🤖 AI Summary
Transformer-based multi-view reconstruction models (e.g., VGGT, π³) suffer from inference bottlenecks on large-scale image sets due to the quadratic computational complexity O(N²) of global self-attention. Method: We propose a plug-and-play block-sparse global attention mechanism that requires no retraining. Grounded in the empirical observation that cross-view matching regions concentrate probability mass in only a few critical blocks, we design a structured block-sparse pattern and integrate highly optimized sparse kernel functions. The method is fully compatible with existing architectures—preserving model structure and training procedures unchanged. Contribution/Results: Our approach achieves up to 4× speedup in inference time while maintaining reconstruction accuracy. Extensive evaluation on mainstream multi-view benchmarks—including ScanNet and DTU—demonstrates its effectiveness, robustness, and scalability.
📝 Abstract
Efficient and accurate feed-forward multi-view reconstruction has long been an important task in computer vision. Recent transformer-based models like VGGT and $π^3$ have achieved impressive results with simple architectures, yet they face an inherent runtime bottleneck, due to the quadratic complexity of the global attention layers, that limits the scalability to large image sets.

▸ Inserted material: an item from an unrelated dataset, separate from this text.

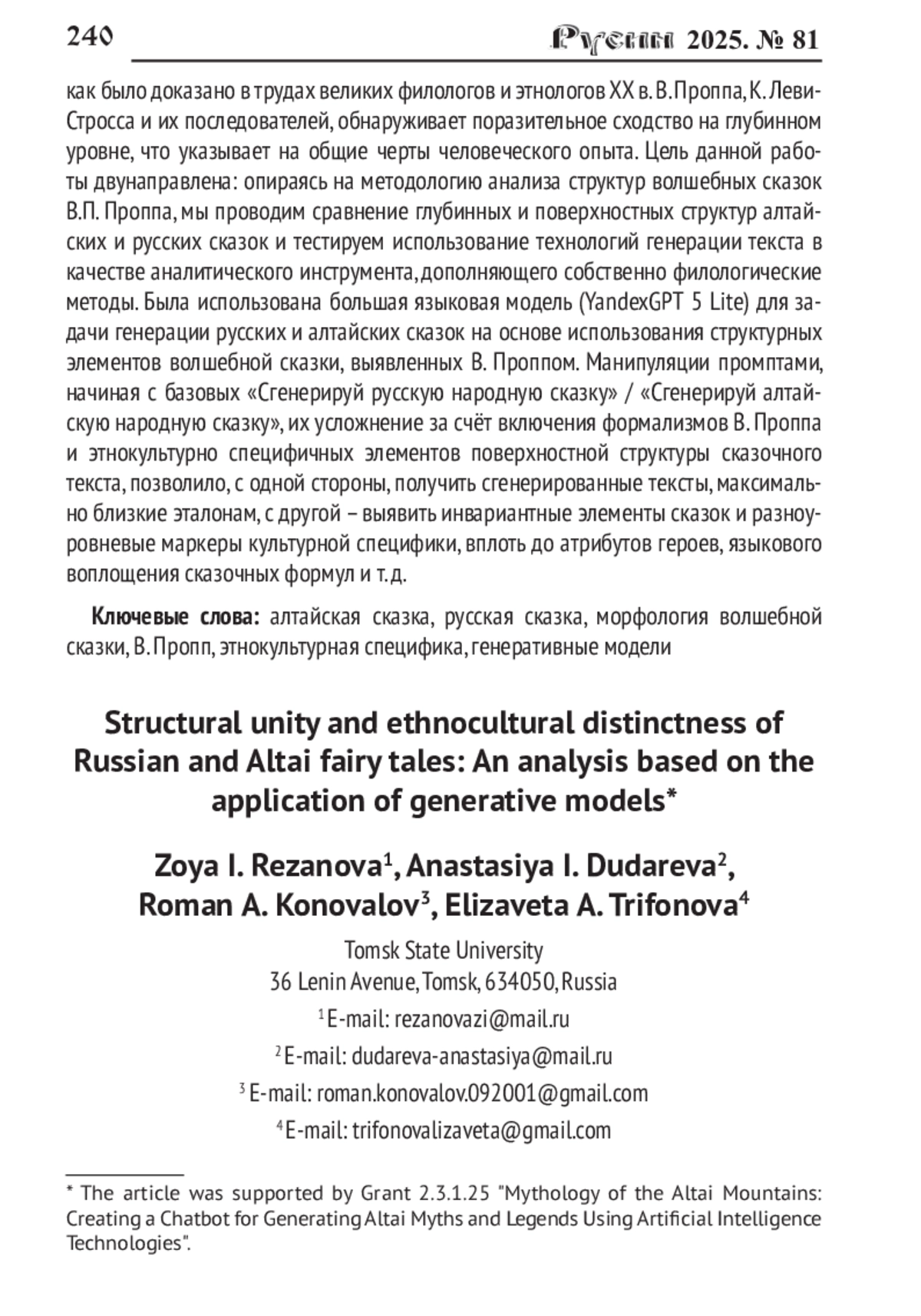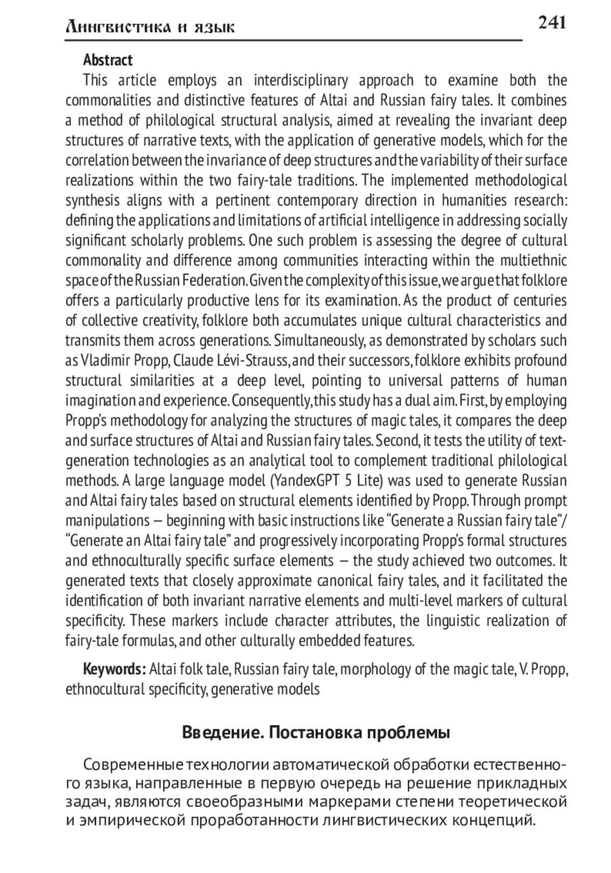 Представлен опыт применения междисциплинарной методологии для выявления общинности и своеобразия фольклорных сказочных текстов - алтайских и русских. В работе метод филологического структурного анализа текстов дополняется использованием генеративных моделей, позволяющих соотнести инвариантность глубинных структур и вариативность поверхностных реализаций русских и алтайских сказок. Реализованный в работе методологический синтез соответствует одному из наиболее актуальных направлений в развитии гуманитарных наук в настоящее время - определению вариантов и границ использования технологий искусственного интеллекта при решении социально значимых гуманитарных проблем. К числу таких проблем, нуждающихся в разработке, по нашему мнению, относится и проблема общности и различия культур, контактирующих в пространствах многоэтничной Российской Федерации. Понимая многоаспектность и сложность проблемы, мы считаем продуктивным обращение при постановке и решении данной проблемы к материалам фольклорных текстов, так как фольклор, будучи результатом многовекового коллективного творчества, аккумулирует и транслирует уникальные черты культуры, в которой он зародился и развивался, и в то же время, как было доказано в трудах великих филологов и этнологов ХХ в. В. Проппа, К. Леви-Стросса и их последователей, обнаруживает поразительное сходство на глубинном уровне, что указывает на общие черты человеческого опыта. Цель данной работы двунаправлена: опираясь на методологию анализа структур волшебных сказок В. П. Проппа, мы проводим сравнение глубинных и поверхностных структур алтайских и русских сказок и тестируем использование технологий генерации текста в качестве аналитического инструмента, дополняющего собственно филологические методы. Была использована большая языковая модель (YandexGPT 5 Lite) для задачи генерации русских и алтайских сказок на основе использования структурных элементов волшебной сказки, выявленных В. Проппом. Манипуляции промптами, начиная с базовых «Сгенерируй русскую народную сказку» / «Сгенерируй алтайскую народную сказку», их усложнение за счёт включения формализмов В. Проппа и этнокультурно специфичных элементов поверхностной структуры сказочного текста, позволило, с одной стороны, получить сгенерированные тексты, максимально близкие эталонам, с другой - выявить инвариантные элементы сказок и разноуровневые маркеры культурной специфики, вплоть до атрибутов героев, языкового воплощения сказочных формул и т. д.

In this paper, we empirically analyze the global attention matrix of these models and observe that probability mass concentrates on a small subset of patch-patch interactions that correspond to cross-view geometric matches. Motivated by the structured attention and inspired by recent advancement in large language models, we propose a replacement for the dense global attention operation based on highly optimized block-sparse kernels, yielding up to $4 imes$ faster inference with comparable task performance. Our retrofit requires no retraining of the backbone, extends to both VGGT and $π^3$, and supports large image collections. Evaluations on a comprehensive suite of multi-view benchmarks demonstrate the effectiveness of our approach.